System Overview¶
Requirements and design goals¶
The design of PROTEA is governed by five requirements derived from the limitations of its predecessors (PIS and FANTASIA):
- R1. Reproducibility.
A prediction produced today must be exactly reproducible in the future.

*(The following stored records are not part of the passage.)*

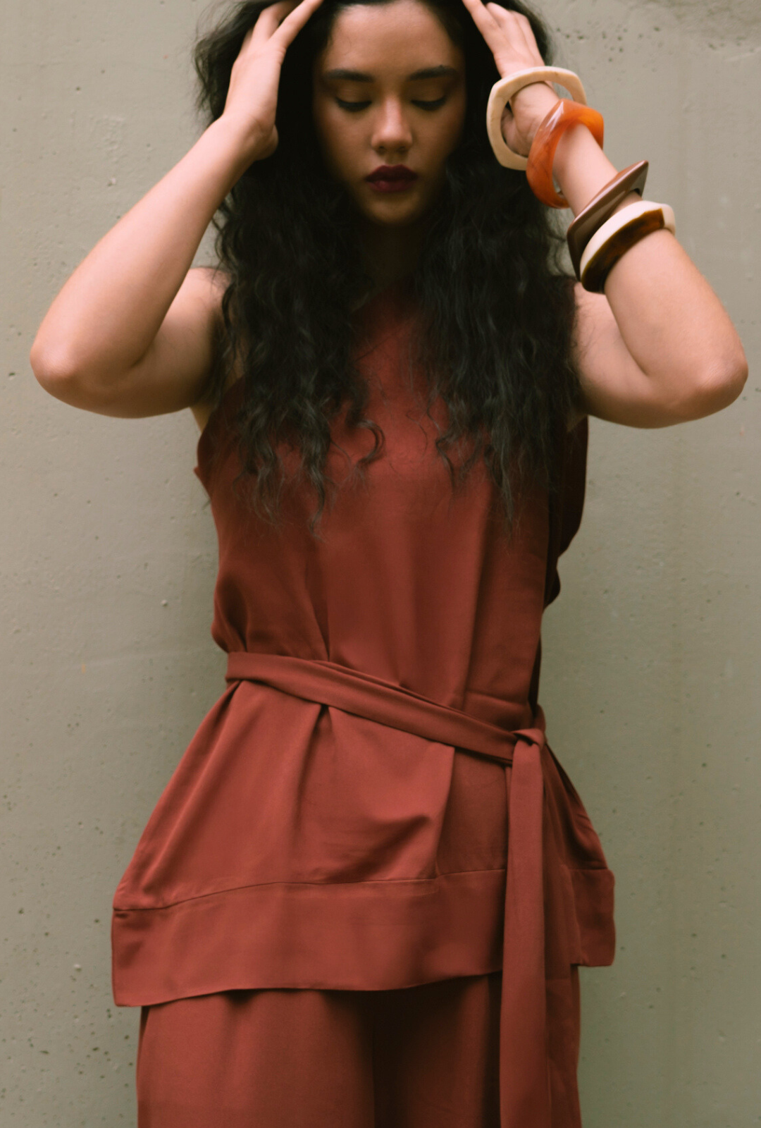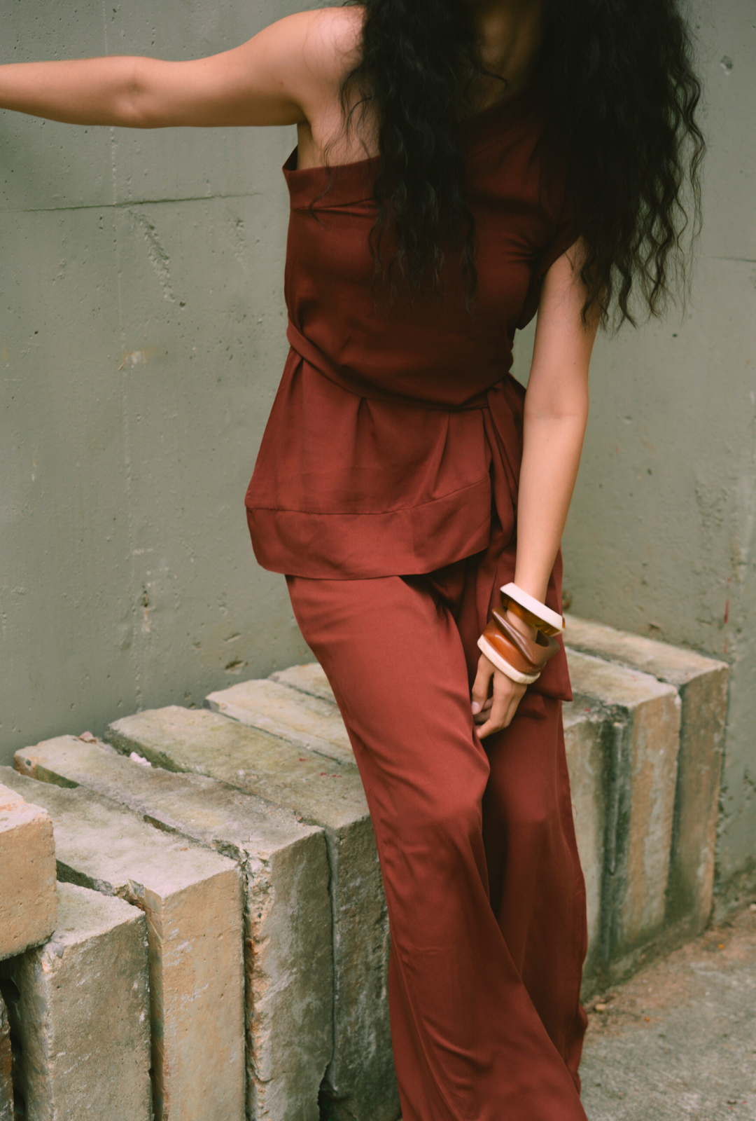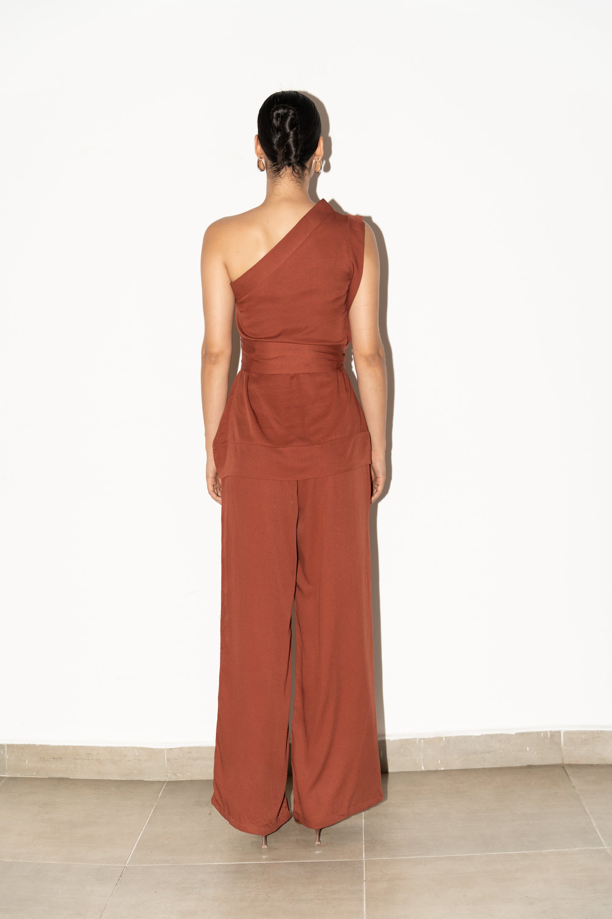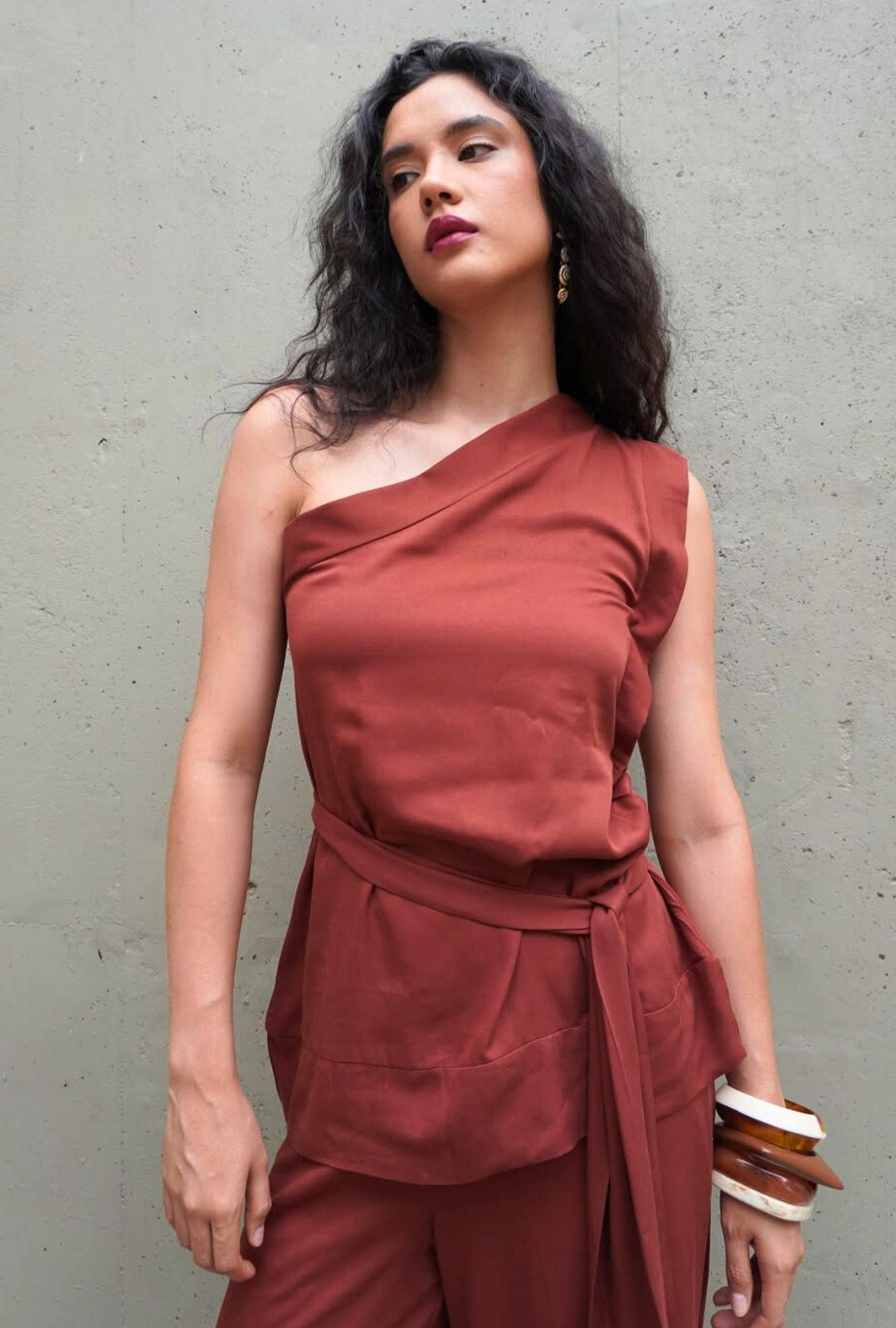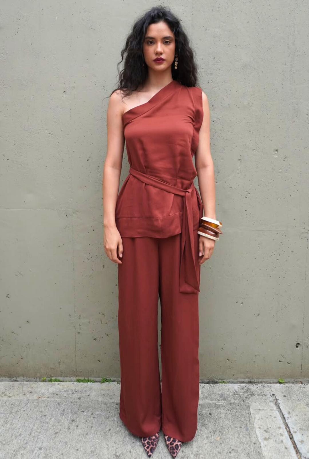 Este conjunto de un solo hombro redefine la elegancia moderna. Su diseño asimétrico resalta los hombros con sutileza, mientras que el cinturón ajustable marca la cintura creando una silueta equilibrada y femenina. El pantalón de caída amplia aporta movimiento, comodidad y un aire sofisticado que estiliza la figura.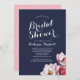 Personalise this Southern Magnolia bridal shower invitation with a quatrefoil pattern on the reverse with your own details. You can also change the background colours from pink and midnight blue, to your own party colours.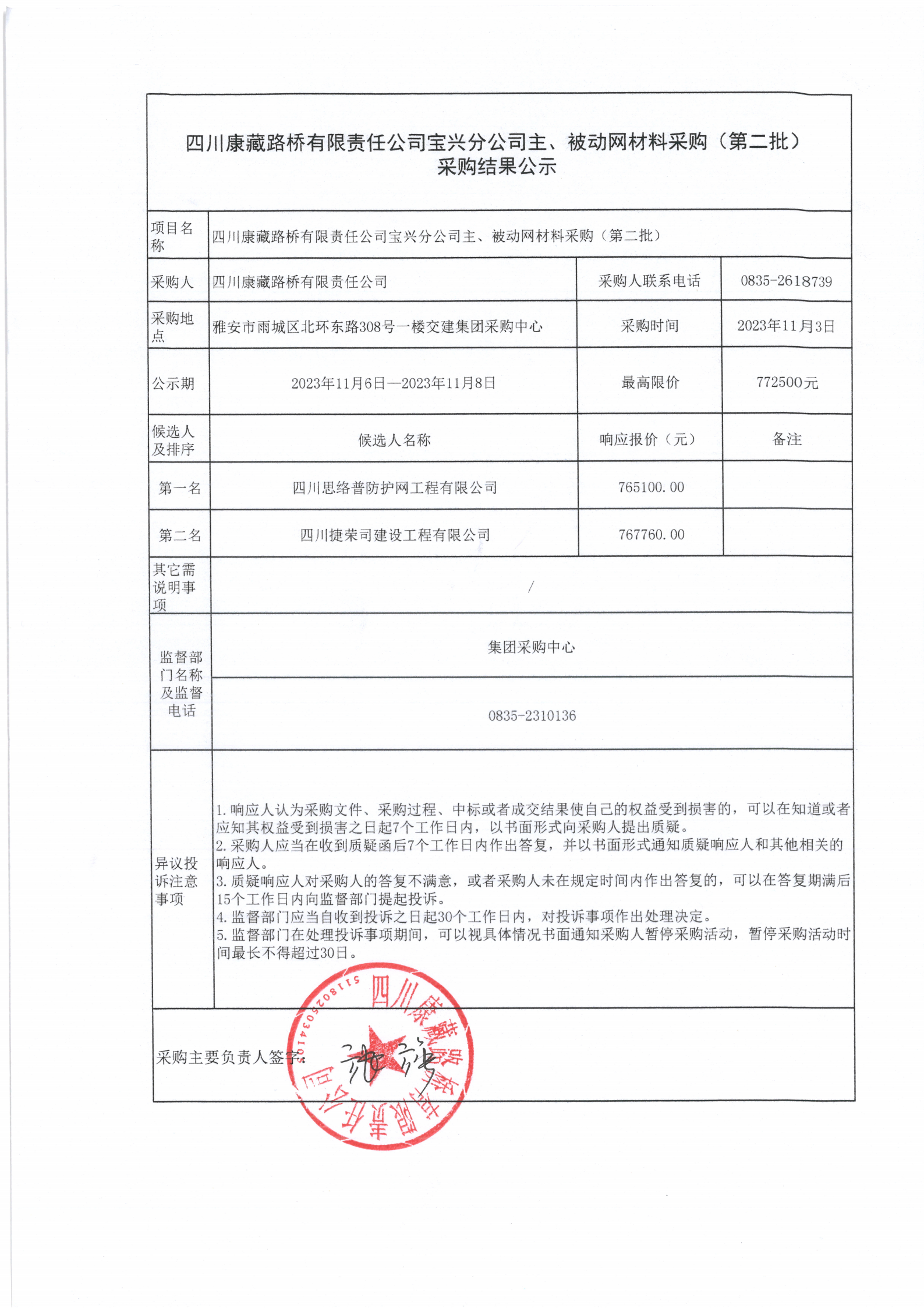 四川康藏路橋有限責任公司寶興分公司主、被動網(wǎng)材料采購(第二批)采購結(jié)果公示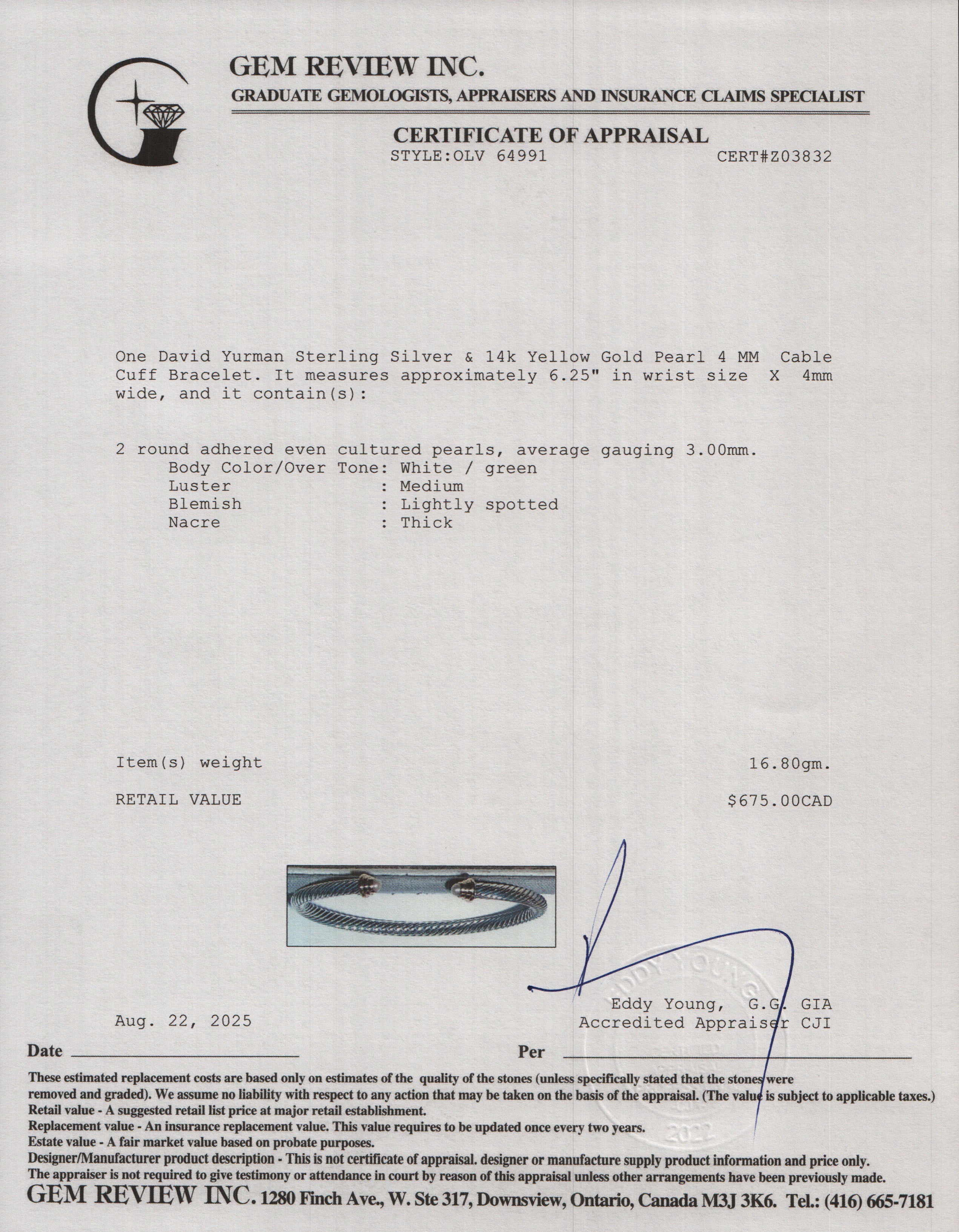 Sterling Silver & 14k Yellow Gold Pearl 4 MM Cable Cuff Bracelet

This requires recording the ontology version, reference annotation set, and embedding model configuration used for every prediction run.
- R2. Scalability.
The system must handle reference sets of hundreds of thousands of proteins and query sets of thousands without holding all data in memory simultaneously.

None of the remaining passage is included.